- Born: Tennessee, United States
- Died: 1857 Portland, Oregon, United States
- Occupation: Pioneer settler
- Spouse: Joe Thomas
- Children: Finice Caruthers

= Elizabeth Caruthers =

Elizabeth Caruthers was a pioneer settler in Portland in Oregon Country. Born in Tennessee, she married Joe Thomas in 1816, and the couple had one son, Finice. The Thomases separated early, and many years later Caruthers and her son re-located to Portland, settling near the Willamette River in 1847.

Filing claims under the Donation Land Claim Act of 1850, the mother and son acquired 320 acre each and built a house in what later became known as the South Portland neighborhood. In 1855, Caruthers, her son, and James Terwilliger deeded 10 acre of land to the city for a cemetery.

A stream flowing down Marquam Gulch through the Caruthers' property and into the river came to be known as Caruthers Creek. In 1856, Finice Caruthers and Stephen Coffin, doing business as the Pioneer Water Works, began providing water from the creek to lower downtown Portland through rudimentary pipes made from fir logs. This was the first formal water system in the city, otherwise supplied only by private wells, which were becoming increasingly endangered by pollution as the city grew.

Questions about ownership of the Caruthers' land arose soon after Finice Caruthers died in 1860. Elizabeth Thomas Caruthers, who had generally relied on her maiden name after her split with Joe Thomas, had nevertheless filed her land claim as Elizabeth Thomas. She told people that although married to Thomas, she believed he had died in 1821. In 1857, when Elizabeth died, Finice inherited her claim. When he died three years later, he left no will, and he had no immediate family.

Subsequent legal proceedings led to various claims on the Caruthers' land. One of them involved the assertion that women had no legal right to property acquired via the Donation Land Claim Act. However, in 1868, the U.S. Supreme Court resolved the issue, ruling that under the Land Claim Act a woman, whether married or not, had the same property rights as a man.

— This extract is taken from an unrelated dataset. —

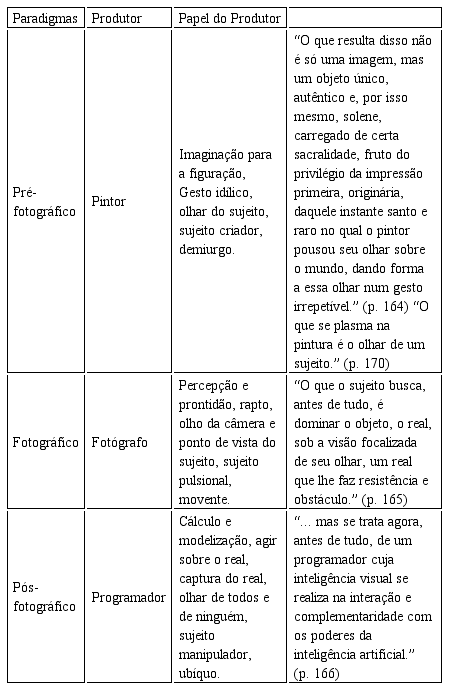 Os autores, ao descreverem as características dos produtores de imagens na perspectiva dos três paradigmas, apontam o que buscam e suas intenções implícitas.

Others who wanted to acquire the Caruthers' properties looked for the supposedly dead Joe Thomas, and in 1872 they persuaded a court that they had found him. During legal proceedings that followed, the parties involved agreed to a compromise. An entity called the South Portland Real Estate Association acquired all the claims to the land and eventually sold the property to financier Henry Villard.

In 2009, the City of Portland established Elizabeth Caruthers Park on 2.12 acre of land in the South Portland neighborhood. In addition to the park and the creek, SW Caruthers Street and SE Caruthers Street are named for Elizabeth and Finice.